“Students of color, students with disabilities and male students” are suspended at a disproportionate rate to their peers, in “potential violation of civil rights laws,” an official from the U.S. Department of Education said at a congressional hearing Wednesday on the so-called school-to-prison pipeline.
“We are alarmed by the disparities in disciplinary sanctions, particularly for students of color, students with disabilities, and male students,” said Deborah Delisle, assistant secretary for the Office of Elementary and Secondary Education at the Education Department.
In written testimony, Delisle said such disparities are a “potential violation of civil rights laws.”
“When African-American students are more than 3 ½ times as likely to be suspended or expelled as their white peers, or students with disabilities are more than twice as likely to receive out-of-school suspensions as their non-disabled peers, as they are today—it raises substantial concerns,” Delisle told the Senate Judiciary Committee.
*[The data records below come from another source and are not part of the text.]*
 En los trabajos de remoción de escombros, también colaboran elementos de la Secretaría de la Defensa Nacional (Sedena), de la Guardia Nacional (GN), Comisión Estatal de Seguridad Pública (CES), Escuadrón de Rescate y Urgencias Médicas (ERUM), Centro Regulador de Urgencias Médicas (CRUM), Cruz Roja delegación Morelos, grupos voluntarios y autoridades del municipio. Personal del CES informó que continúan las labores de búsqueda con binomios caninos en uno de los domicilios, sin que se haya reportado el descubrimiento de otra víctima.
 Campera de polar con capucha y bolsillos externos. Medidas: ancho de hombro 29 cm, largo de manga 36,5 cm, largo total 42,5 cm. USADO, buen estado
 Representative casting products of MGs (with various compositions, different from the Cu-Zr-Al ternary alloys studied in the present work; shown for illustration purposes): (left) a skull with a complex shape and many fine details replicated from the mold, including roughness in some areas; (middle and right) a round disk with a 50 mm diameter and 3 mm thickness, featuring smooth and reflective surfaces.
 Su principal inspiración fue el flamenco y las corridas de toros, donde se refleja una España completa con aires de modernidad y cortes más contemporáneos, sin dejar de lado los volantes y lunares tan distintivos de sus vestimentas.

“These concerns are reflected in our department’s enforcement efforts and in the stories we’ve heard from the field, which demonstrate too often that students face disciplinary actions on the basis of their race,” she said.
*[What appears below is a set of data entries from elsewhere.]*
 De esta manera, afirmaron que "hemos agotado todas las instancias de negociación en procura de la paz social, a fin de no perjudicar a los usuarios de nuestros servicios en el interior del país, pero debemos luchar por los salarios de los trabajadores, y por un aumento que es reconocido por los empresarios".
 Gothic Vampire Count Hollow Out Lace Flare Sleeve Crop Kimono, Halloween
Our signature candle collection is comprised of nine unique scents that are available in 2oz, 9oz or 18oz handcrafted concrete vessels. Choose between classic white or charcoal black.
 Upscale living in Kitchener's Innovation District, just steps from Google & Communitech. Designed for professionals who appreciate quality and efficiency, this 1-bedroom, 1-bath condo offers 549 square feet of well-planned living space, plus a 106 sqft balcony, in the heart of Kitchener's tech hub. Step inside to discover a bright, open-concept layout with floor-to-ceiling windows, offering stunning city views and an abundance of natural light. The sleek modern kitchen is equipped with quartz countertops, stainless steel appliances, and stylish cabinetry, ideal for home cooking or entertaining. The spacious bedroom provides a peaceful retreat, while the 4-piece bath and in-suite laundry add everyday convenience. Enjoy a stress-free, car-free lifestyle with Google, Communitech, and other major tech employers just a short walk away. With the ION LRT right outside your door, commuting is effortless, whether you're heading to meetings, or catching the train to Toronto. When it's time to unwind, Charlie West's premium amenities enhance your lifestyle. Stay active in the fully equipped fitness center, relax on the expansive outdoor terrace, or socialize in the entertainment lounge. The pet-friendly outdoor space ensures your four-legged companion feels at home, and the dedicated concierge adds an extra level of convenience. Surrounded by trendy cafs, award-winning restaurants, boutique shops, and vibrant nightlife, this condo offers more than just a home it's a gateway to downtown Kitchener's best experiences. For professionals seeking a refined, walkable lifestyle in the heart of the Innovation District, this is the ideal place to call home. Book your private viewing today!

Rep. Danny Davis (D-Ill.), a member of the Congressional Black Caucus, said at the hearing that he and the CBC have “advocated vigorously for over a decade that the federal government should lead the effort to address the over-disciplining of youth—a key factor involved in the educational crisis of African-Americans and especially African-American men.”
“We must focus on the early years as well. It is unacceptable that African-American male preschoolers are expelled at almost nine times the rate of African-American girls with white preschool boys being expelled at almost four times the rate of their female peers,” Davis added.
Sen. Dick Durbin (D-Mich.) also cited statistics on the disparities in discipline in the nation’s schools. He said African-Americans are three times more likely to be suspended and four times more likely to be expelled than their white peers. Also, more than 70 percent of students arrested in schools are African-American or Latino.
“Suspensions, expulsions, and in-school arrests lead to kids being out of the classroom and a troubling increase in the number of people in the juvenile justice system,” Durbin said.
“This school-to-prison pipeline has moved scores of young people from classrooms to courtroom. A schoolyard fight that used to warrant a trip to the principal’s office can now lead to a trip to the booking station and a judge,” Durbin said.
“Sadly, there are schools that look more like prison than places for children to learn and grow. Students pass through metal detectors, and police roam the halls. Suspensions, expulsions, and in-school arrests lead to kids being out of the classroom and a troubling increase in the number of people in the juvenile justice system,” Durbin added.
To make sure all students are “treated equitably as a nation,” Delisle called for “a multi-prong strategy that encourages educators to pro-actively monitor their discipline practices for disproportionality, assess for root causes where disproportionality exists, and engage in a broad-based community effort to develop an action plan to root out discrimination in the administration of discipline.”